# flying noise :)



## beckins (Jul 30, 2010)

Just wondering, do your tiels sound different when they fly? I never thought anything of it before when sausage was flying about...but now weve got spud....he flys so silently!! Sausage sounds like an oaf when she flies! much noisier! Anyone know what affects this? Is is cause shes prehaps heavier or not got as streamlined wings as spud? Just curious!


----------



## lperry82 (Aug 2, 2010)

Lucky & cookie are silent when they fly, when cookie flys lucky will make a sound like er like she is worried, its the same when she hears a car alarm go off


----------



## beckins (Jul 30, 2010)

i mean just the sound of their wings, not chirrups  prehaps my sausage is just a fatty then if yours are silent too


----------



## lperry82 (Aug 2, 2010)

beckins said:


> i mean just the sound of their wings, not chirrups  prehaps my sausage is just a fatty then if yours are silent too


Oh i see cookies is silent as he flew over me and i didnt notice, i just felt the wind lol dont know about lucky but im waiting for her to fly


----------



## jenn1954 (May 6, 2010)

Yes, I have noticed when mine are out that Cricket's wings almost sound like they are whistling (kind of). Its definitely different from the others though. Chip the baby looks and sounds like a helicopter slowly taking off or landing, kind of like a whooshing sound. I don't think its anything to worry about though.


----------



## clawnz (May 28, 2009)

I might be able to shed a bit of light on this!
Working with the birds at the rescue and giving them flight time. 
I'll start with Rikki (Ok, she is a rosella) Even though she was an escapee, (Flew away from her home) she could not fly that well. Also when we got her she had feather damage.
She was very noisy in the air and also slow. And gets puffed quickly.
Actually Rikki has come a long way and now she flies very well and she makes a lot less noise.
It is a fact that I find most of the ex-caged birds we get in, do it had to start with. They take time to condition up, they do not have the muscle or stamina.
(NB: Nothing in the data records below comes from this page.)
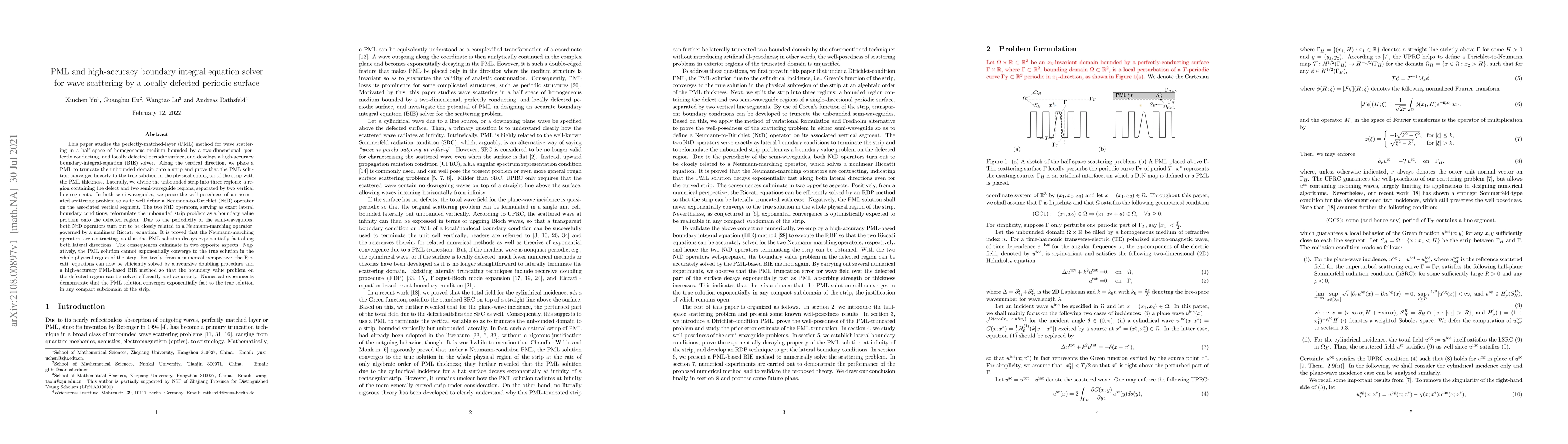This paper studies the PML method for wave scattering in a half space of homogeneous medium bounded by a two-dimensional, perfectly conducting, and locally defected periodic surface, and develops a high-accuracy boundary-integral-equation (BIE) solver. Along the vertical direction, we place a PML to truncate the unbounded domain onto a strip and prove that the PML solution converges linearly to the true solution in the physical subregion of the strip with the PML thickness. Laterally, we divide the unbounded strip into three regions: a region containing the defect and two semi-waveguide regions, separated by two vertical line segments. In both semi-waveguides, we prove the well-posedness of an associated scattering problem so as to well define a Neumann-to-Dirichlet (NtD) operator on the associated vertical segment. The two NtD operators, serving as exact lateral boundary conditions, reformulate the unbounded strip problem as a boundary value problem onto the defected region. Due to the periodicity of the semi-waveguides, both NtD operators turn out to be closely related to a Neumann-marching operator, governed by a nonlinear Riccati equation. It is proved that the Neumann-marching operators are contracting, so that the PML solution decays exponentially fast along both lateral directions. The consequences culminate in two opposite aspects. Negatively, the PML solution cannot exponentially converge to the true solution in the whole physical region of the strip. Positively, from a numerical perspective, the Riccati equations can now be efficiently solved by a recursive doubling procedure and a high-accuracy PML-based BIE method so that the boundary value problem on the defected region can be solved efficiently and accurately. Numerical experiments demonstrate that the PML solution converges exponentially fast to the true solution in any compact subdomain of the strip.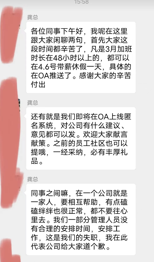 下午15点58分,成都事业部大群,龚总表示3月加班超过48小时的,4月6日带薪休假一天。OA系统上线匿名系统,欢迎员工提意见。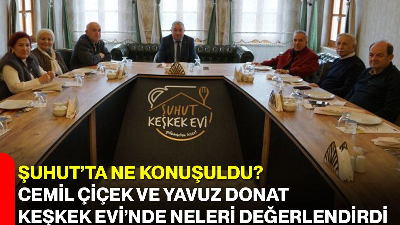 Şuhut Belediye Başkanı Muhittin Özaşkın, Cumhurbaşkanlığı Yüksek İstişare Kurulu Üyesi ve 25. Türkiye Büyük Millet Meclisi Başkanı Cemil Çiçek ile Sabah Gazetesi köşe yazarı Yavuz Donat’ı, Gazetemiz Kurucusu ve Başyazarı Mehmet Emin Güzbey ve iş insanı Muzaffer Aksu’nun da katılımıyla Şuhut Keşkek Evi’nde misafir etti. İlçenin simge mekânlarından biri olan Keşkek Evi’nde gerçekleşen ziyaret, samimi bir atmosferde gerçekleştirildi.
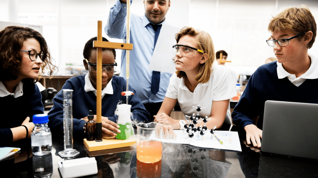 En la foto vemos una chica en una clase con sus amigas que están estudiando matemáticas porque en el futuro quieren ser ingenieras.

Most are unclipped, (we do get a few clipped ones in as well) yet they still manage to fly away from somewhere!
If a bird does a bad job preening, sorry lost correct terms, fixing the flights up, they will also make alot of noise as the air is thorough the feathers.
Also feather damage, is another factor, this would mean less noise as the damaged feathers molt out.


----------